Strickler's attorney, public defender William Bobbitt, argued in his closing statement that Strickler didn't deserve death.

He reminded the members of the jury that to impose capital punishment, they must be convinced beyond a reasonable doubt that Strickler was the person who killed Leann Whitlock.

If there was any doubt, then they could convict him only of first-degree murder as an accessory to the slaying. Bobbitt argued that there was no evidence indicating Strickler actually committed the murder.

Bobbitt's final defense witness, Jay Tudor, the estranged husband of Donna Tudor, claimed Strickler never got out of the stolen car the night Whitlock was murdered.

Jay Tudor, who was brought Thursday morning from the Caroline County Jail to testify, said Donna Tudor told him in March that she had been with Strickler and Henderson that night.

But she and Strickler had stayed in the car while Henderson had committed the murder, Jay Tudor testified.

Under cross-examination from Ervin, Jay Tudor went on to testify that Donna Tudor told him Whitlock had picked her up in her car in Staunton.

Then they had driven back to Harrisonburg and had picked up Strickler and Henderson, he said Donna Tudor told him. They drove around for a few days and then Whitlock was taken to the woods and killed, he said.

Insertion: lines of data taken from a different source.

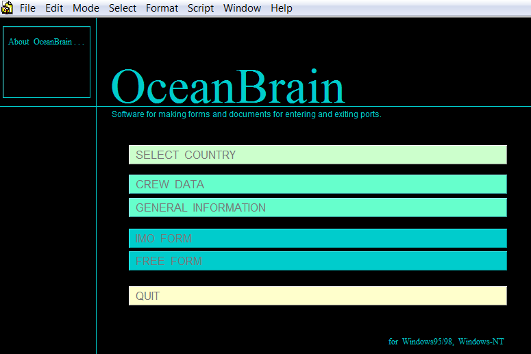 OceanBrain Год выпуска: 2010 Платформа: РС Совместимость с Windows7: полная Язык интерфейса: только английский Таблэтка: Не требуется Описание: Программа представляет собой библиотеку судовых документов для оформления прихода-отхода судна в порт, для всех морских стран, в виде картотеки. Очень полезная и удобная программка для штурманов занимающихся судовыми документами с возможностью заполнения и печати.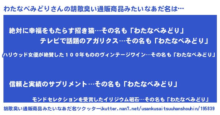 | 意味不明あだ名 | 『住所不定無職わたなべみどり(13歳)』 |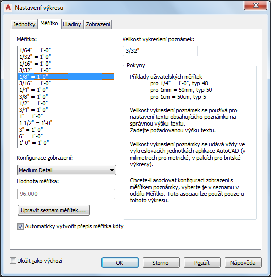 Upozornění: Zkontrolujte, zda jste nastavili parametry nastavení výkresu na automatické načtení stylu klíče hladiny do nového výkresu. To je velmi důležité pro přiřazení obsahu ke klíči hladiny.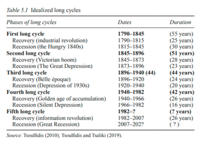 내가 이 모든 말을 하는 이유는최근에 장기 순환과 경제 성장을 최신 데이터를 통해 살펴보고 자본주의에서 이러한 장기 순환을 식별하려는 새로운 책이 출간되었기 때문이다저자들은 뉴욕의 뉴스쿨 사회연구소(New School for Social Research)의 그리스 마르크스주의 경제학자 니콜라오스 하차라키스(Nikolaos Chatzarakis), 테살로니키 아리스토텔레스 대학교의 페르세포니 찰리키(Persefoni Tsaliki), 마케도니아 대학교의 레프테리스 츠울피디스(Lefteris Tsoulfidis)이다.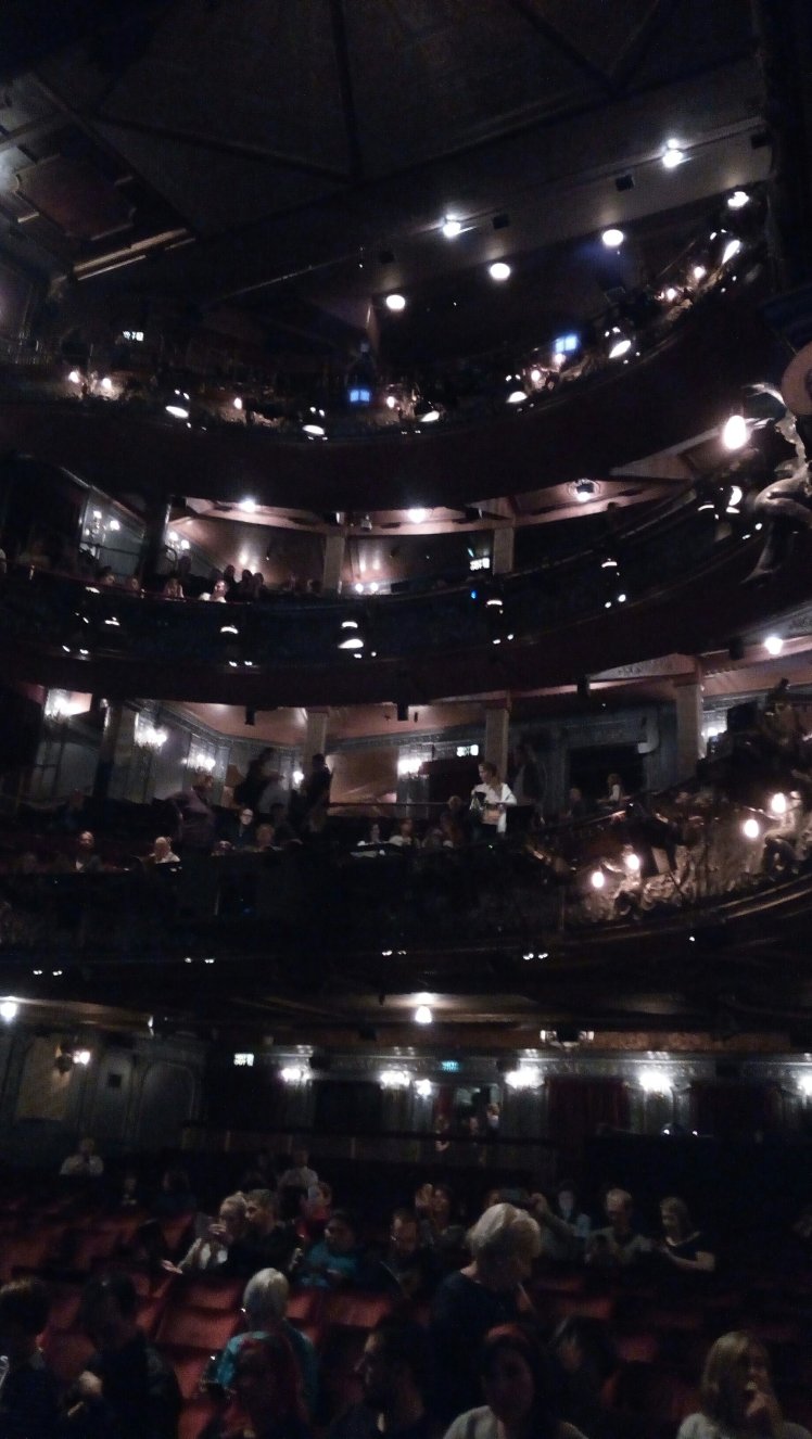 But on Wednesday evening this week – and this is the moment where I praise having a Facebook account – I read a post in a group where people discussed how to buy an affordable ticket for the Harry Potter play. It seemed as if there were now and then releases of some more tickets. So I set a charm on Alexander to reschedule the start of our date night, went online immediately and was shocked: TWOHUNDREDANDFIFTY pounds? That’s not really affordable although the price was for the two parts of the play (lasting together over 5 hours). But then I saw tickets for less and really managed to get the last tickets for about £80 with restricted view (which is still not cheap but compared to £250 seemed to be a bargain). As the play was shown in two consecutive parts on Thursday and Friday evening I had to be spontaneous but to be honest: For this I would have canceled a date with Prince Harry (as I am married and he has a girlfriend now). That I was really lucky to get these ticket within ten minutes I recognized yesterday shortly before the play started when I spoke to two German girls. They had managed it to get into the online queue 1,5 years ago at a quite ‘good’ position (around 10,000). But it took over seven hours until they arrived at the online booking desk. One girl told me she was checking the queue every ten minutes while working. Must have been a very productive day…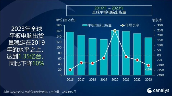 智通财经APP获悉,Canalys发文称,2023年第四季度,全球平板电脑出货量同比下降11%,总计3780万台。2023年全年,平板电脑的出货量同样同比下跌10%,达1.353亿台。中国和印度是平板电脑出货的主力市场,在一定程度上抵消平板电脑在全球其他市场的疲软。

During his closing argument, Bobbitt admitted that Strickler probably was there. And Strickler probably was involved in the murder in some way, but Bobbitt argued that Ervin failed to place the murder weapon in Strickler's hands.

No fingerprints were found on the rock. No witnesses testified about the murder itself. Only Strickler and Henderson know for sure, and Bobbitt contended it was actually Henderson who dropped the rock on Whitlock's head.

"All of the evidence shows pretty clearly that there was a robbery. There was a kidnapping and there was a murder. But there's no evidence that Tommy Strickler did the killing," Bobbitt said.

Circuit Judge Thomas H. Wood ordered a presentencing report on Strickler before making a decision on whether to follow the jury's sentence.

The report is expected to take a month to prepare. If Wood imposes the death sentence, the ruling automatically will be appealed to the Virginia Supreme Court.